I walk through the air–conditioned corridors of the São Paulo Museum of Art (MASP), appreciating oil paintings in golden frames and white marble statues. Suddenly, I am stuck by a bright yellow poster, “Do women have to be naked to get into the São Paulo Museum of Art?” 

The poster was made by an anonymous collective of artists and activists named the Guerrilla Girls, a radical art group that has made projects, posters, and interventions from New York to Shanghai, and even passing through Istanbul, London, and São Paulo. 


The electric yellow poster found in MASP highlights that only 6% of the total number of artists in the collections that were on display are women; on the other hand, 60% of the works represented are female nudes. As a museum visitor, the poster led me to reflect on all the previous museums I have walked through: How many times have I viewed nude female bodies on display in artistic works? What does nudity tell us about the spaces reserved for women in the art field? 

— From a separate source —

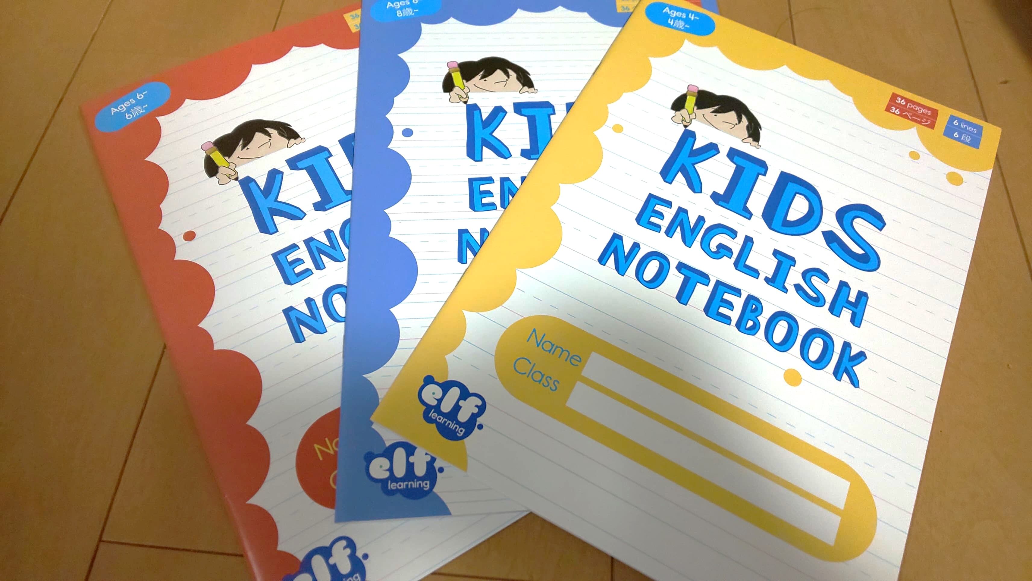 年齢によって異なる4本線の太さが3種類あります。お子さんによって最適なものをお渡しいたします。A4サイズのノートは配布物を貼るのに最適で、レッスン時に配布するプリントがどこかにいかないように貼っていきます。

The connection is even more complex when acknowledging that the word pornography appeared initially in an artistic context. In the 19th century, the German historian C. O. Müller used the Greek word "pornography" (meaning “writing about prostitutes”) to refer to art museums’ collections. There is still much controversy in the art field that pornography cannot be considered art. If it's art, it's not pornography. Which begs the question, where do we draw the line between the female body as a sexual figure versus an artistic figure? 

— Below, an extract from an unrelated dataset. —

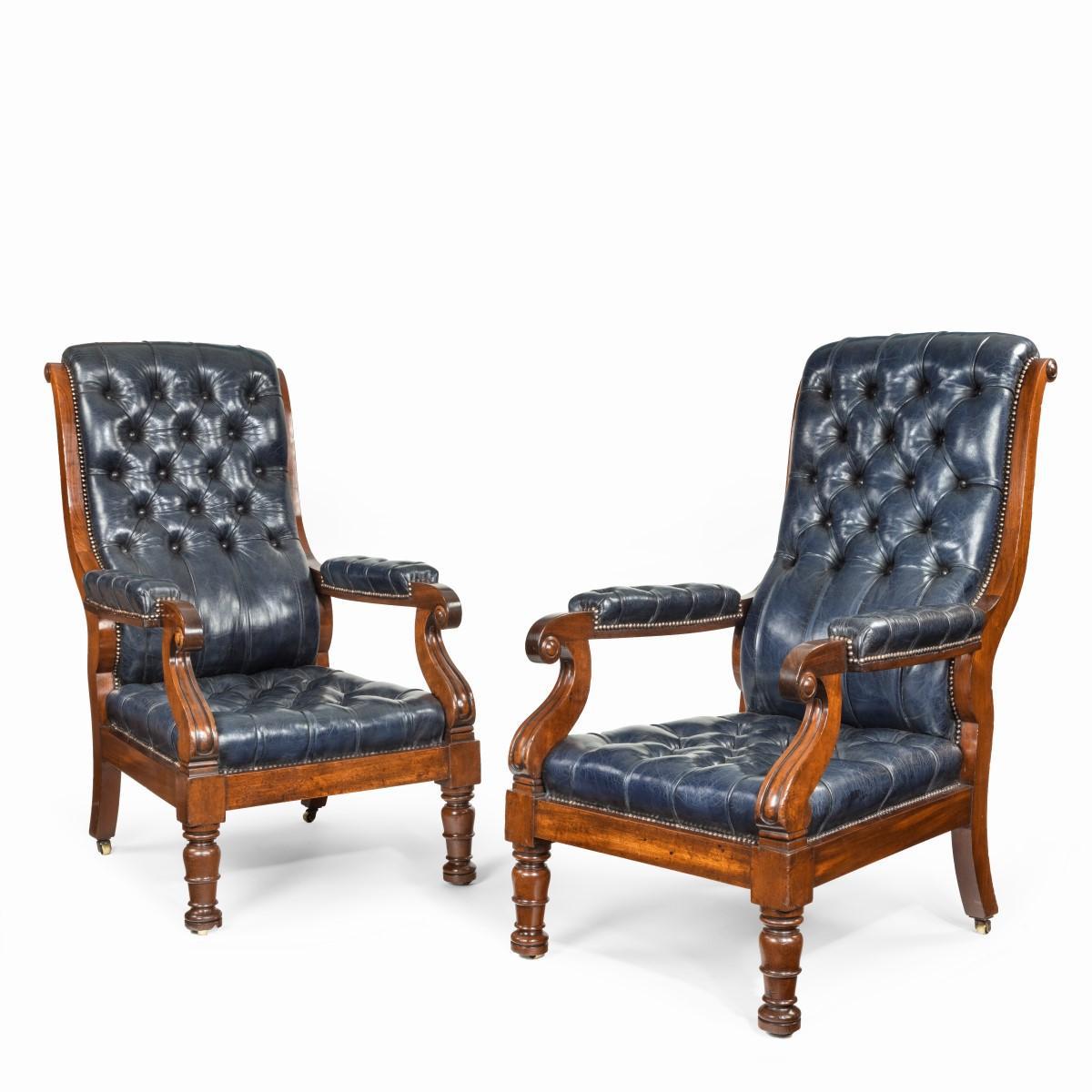 Pair of William IV Mahogany & Leather Upholstered Armchairs

However, since art has been mainly consumed throughout history by elites, female nudity is a form of perpetuating “soft porn” for the wealthy and dominant circles of society. In fact, artistic circles consent and approve of the exposition of nudity in art, but not in real life. For example, in 2016 the performative artist Deborah de Robertis undressed in front of "Olympia", painted by Edouard Manet in 1863, and reproduced the pose of the nude figure facing the visitors. Deborah was arrested following the museum's complaint of sexual exhibitionism. This event further proves that the real–life female body has been marginalized and sexualized to a point in which it cannot be considered art, only pornographic. Society puts value in art pieces that contain nudity in renowned museums and galleries, but marginalizes those in real life.

In her program, The Shock of the Nude, Mary Beard, Cambridge scholar and classicist, criticizes the abundance of female nudes and how the sexualized female bodies in art meet male desires. According to the author, for centuries female nudity paintings were made by men, commissioned by men, and aimed at male delight, essentially serving as soft porn for male elites. 

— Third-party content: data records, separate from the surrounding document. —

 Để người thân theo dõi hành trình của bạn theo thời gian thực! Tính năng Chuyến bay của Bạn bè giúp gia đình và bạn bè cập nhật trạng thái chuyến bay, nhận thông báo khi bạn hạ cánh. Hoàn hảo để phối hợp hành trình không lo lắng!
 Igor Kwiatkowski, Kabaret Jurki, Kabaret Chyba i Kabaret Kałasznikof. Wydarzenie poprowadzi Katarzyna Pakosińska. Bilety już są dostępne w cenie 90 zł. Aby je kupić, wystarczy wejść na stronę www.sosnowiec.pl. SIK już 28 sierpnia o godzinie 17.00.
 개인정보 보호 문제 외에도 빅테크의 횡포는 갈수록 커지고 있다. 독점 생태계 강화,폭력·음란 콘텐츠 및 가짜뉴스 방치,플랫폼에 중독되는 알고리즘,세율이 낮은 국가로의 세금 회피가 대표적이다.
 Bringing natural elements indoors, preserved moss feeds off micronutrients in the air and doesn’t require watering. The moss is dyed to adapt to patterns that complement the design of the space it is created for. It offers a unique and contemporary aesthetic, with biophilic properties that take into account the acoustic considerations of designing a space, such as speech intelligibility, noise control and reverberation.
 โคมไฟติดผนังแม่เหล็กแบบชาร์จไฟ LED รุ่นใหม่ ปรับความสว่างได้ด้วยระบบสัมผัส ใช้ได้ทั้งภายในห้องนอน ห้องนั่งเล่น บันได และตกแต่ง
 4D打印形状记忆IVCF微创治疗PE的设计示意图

Beard mentions how rich, white men support the museums with donations of money and works of art. The Guerrilla Girls expose a disturbing dichotomy: In 1989, the price of a singular painting by Jasper Johns ($17.7 million) could purchase at least one work from 67 women artists—including Mary Cassatt and Frida Kahlo. These women were renowned in their own right, but have been historically often underpaid and underrepresented compared to their male counterparts. If museums are not showing a diverse range of artists, then it is no longer serving the purpose of documenting the history of art, but the history of power and money. The minimal presence of female artists from great art museums is an institutional issue, embedded in sexism from the male–dominated gallery owners and art critics.

The female nude in art has served to delight male artists and male viewers (similar to soft porn), but women have begun to utilize art and their own bodies to reclaim power over the narrative. Nudity has become an instrument to challenge sexist standards. In fact, many women began to use the naked body as a symbolic weapon in performances and protests. Carolee Schneemann used the naked body as a canvas, even winning a prize at Cannes in 1969 for a movie that was explicitly sexual. Marina Abramović shocked the art world with her performances, one in which she created a naked living doorway. Viewers were forced to confront nudity in art and in real life at the same time, rather than passively observing it. 

Nudity has always been a factor in female representation, but its reasons and purposes have changed over time. It would be reductive to fix a single meaning for nudity, losing a series of uses and setbacks of women's power by simplifying it to the instrumental use of men. Even though the male gaze is still at the center of using the female body for profit and for consumption, women artists are reclaiming the narrative.